Stored data -
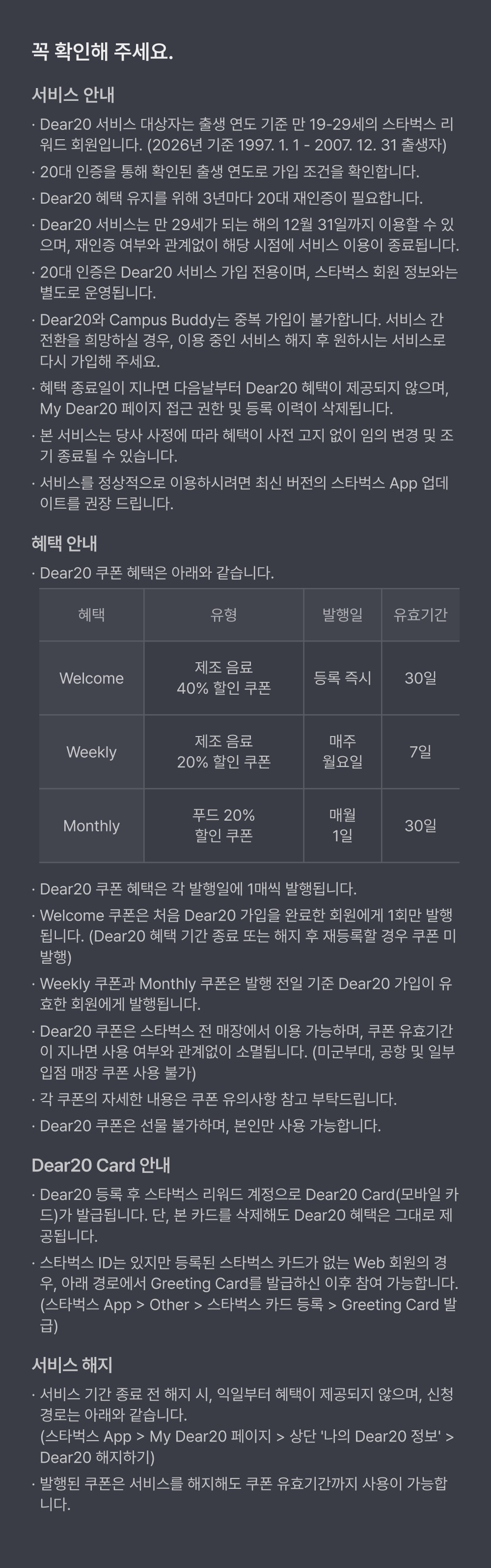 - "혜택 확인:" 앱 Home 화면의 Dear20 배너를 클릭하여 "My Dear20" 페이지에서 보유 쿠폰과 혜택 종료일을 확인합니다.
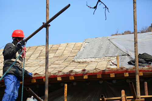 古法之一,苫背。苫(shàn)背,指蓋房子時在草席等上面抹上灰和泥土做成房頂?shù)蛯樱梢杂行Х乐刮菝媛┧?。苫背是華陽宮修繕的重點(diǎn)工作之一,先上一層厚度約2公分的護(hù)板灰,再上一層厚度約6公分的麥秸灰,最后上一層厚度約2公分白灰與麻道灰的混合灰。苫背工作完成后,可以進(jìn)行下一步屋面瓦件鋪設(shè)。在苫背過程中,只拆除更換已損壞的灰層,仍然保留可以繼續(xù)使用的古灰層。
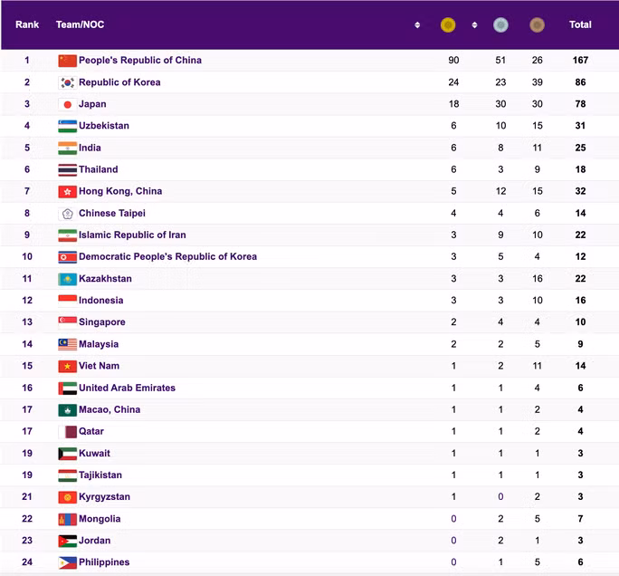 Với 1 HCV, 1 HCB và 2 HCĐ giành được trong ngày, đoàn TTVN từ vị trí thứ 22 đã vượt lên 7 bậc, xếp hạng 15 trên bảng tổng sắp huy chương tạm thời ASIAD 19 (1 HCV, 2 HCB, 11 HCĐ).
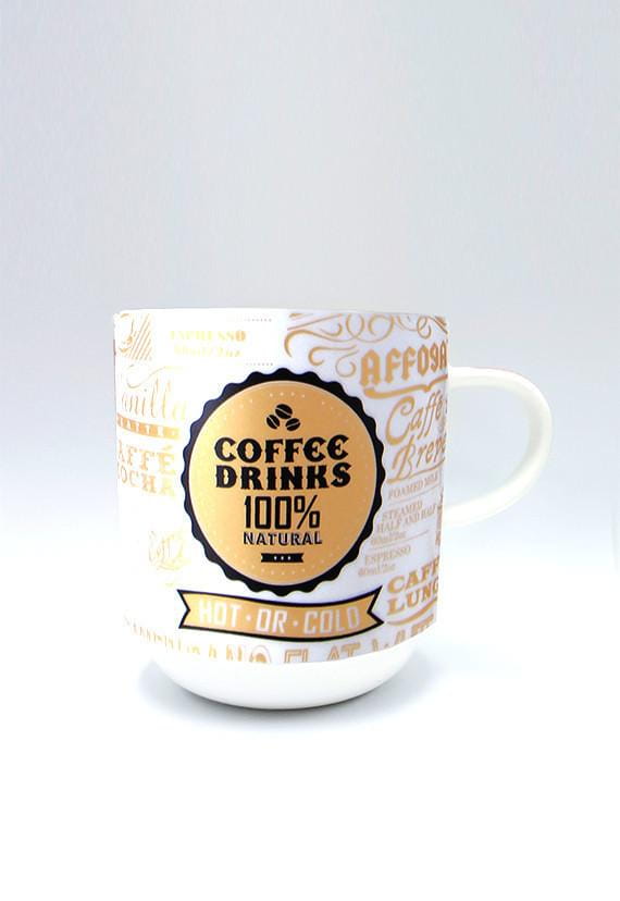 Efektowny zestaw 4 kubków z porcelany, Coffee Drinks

---

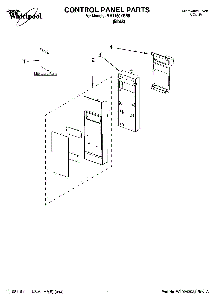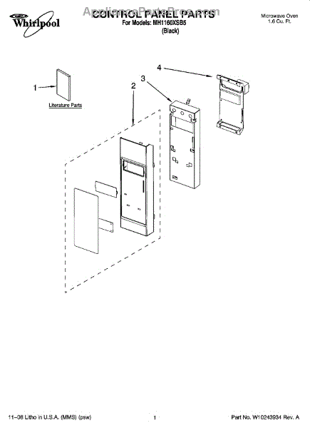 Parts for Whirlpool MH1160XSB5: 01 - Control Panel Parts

--

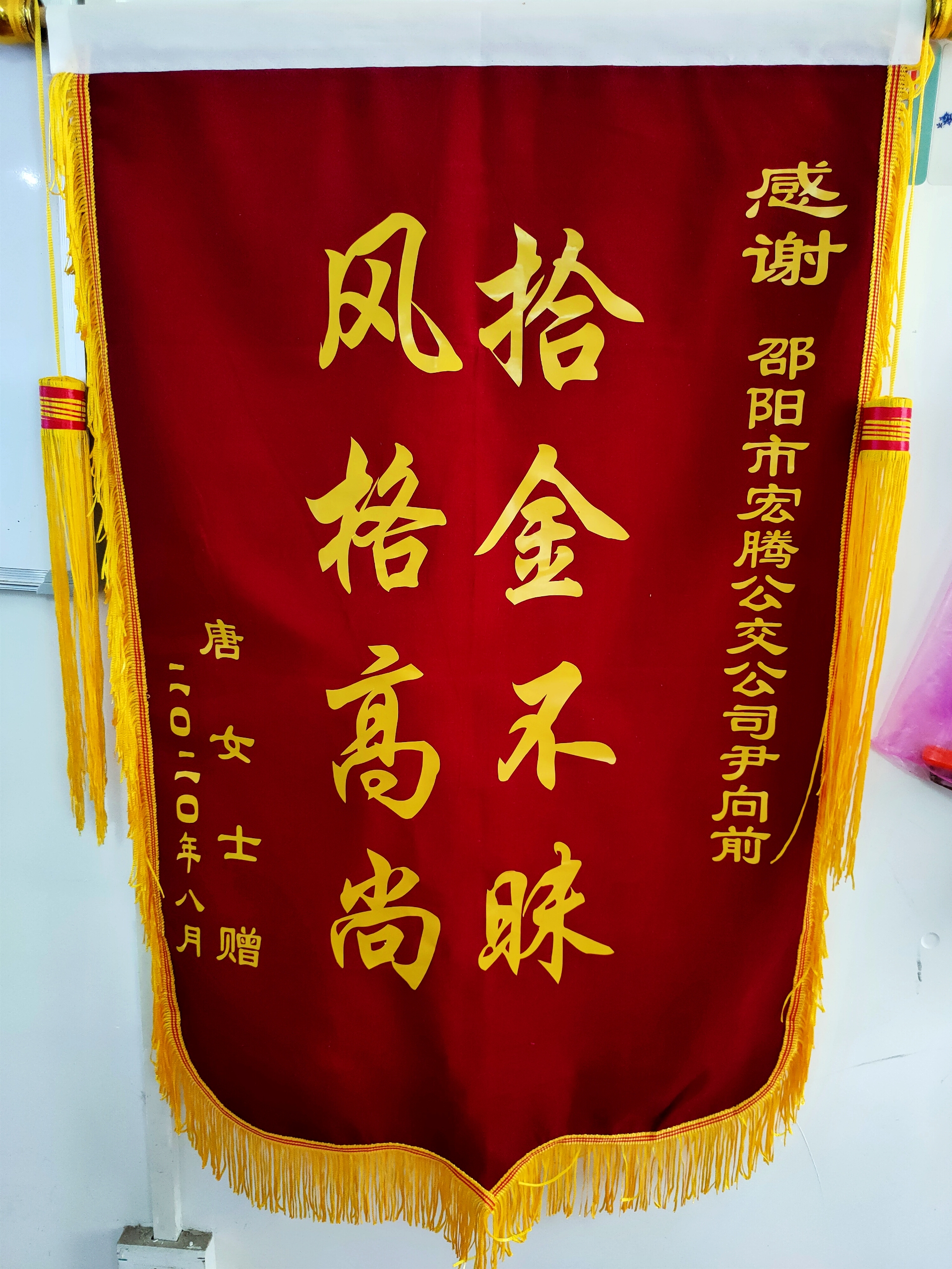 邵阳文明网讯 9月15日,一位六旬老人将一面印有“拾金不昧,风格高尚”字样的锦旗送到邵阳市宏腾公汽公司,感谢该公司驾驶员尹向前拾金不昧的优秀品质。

Instructions to follow -
Output should consist of the lines above from the one with "혜택 종료일을 확인합니다." down to the one with "Efektowny zestaw 4", exact and without pictures.

Solution to this task -
 - "혜택 확인:" 앱 Home 화면의 Dear20 배너를 클릭하여 "My Dear20" 페이지에서 보유 쿠폰과 혜택 종료일을 확인합니다.
 古法之一,苫背。苫(shàn)背,指蓋房子時在草席等上面抹上灰和泥土做成房頂?shù)蛯樱梢杂行Х乐刮菝媛┧?。苫背是華陽宮修繕的重點(diǎn)工作之一,先上一層厚度約2公分的護(hù)板灰,再上一層厚度約6公分的麥秸灰,最后上一層厚度約2公分白灰與麻道灰的混合灰。苫背工作完成后,可以進(jìn)行下一步屋面瓦件鋪設(shè)。在苫背過程中,只拆除更換已損壞的灰層,仍然保留可以繼續(xù)使用的古灰層。
 Với 1 HCV, 1 HCB và 2 HCĐ giành được trong ngày, đoàn TTVN từ vị trí thứ 22 đã vượt lên 7 bậc, xếp hạng 15 trên bảng tổng sắp huy chương tạm thời ASIAD 19 (1 HCV, 2 HCB, 11 HCĐ).
 Efektowny zestaw 4 kubków z porcelany, Coffee Drinks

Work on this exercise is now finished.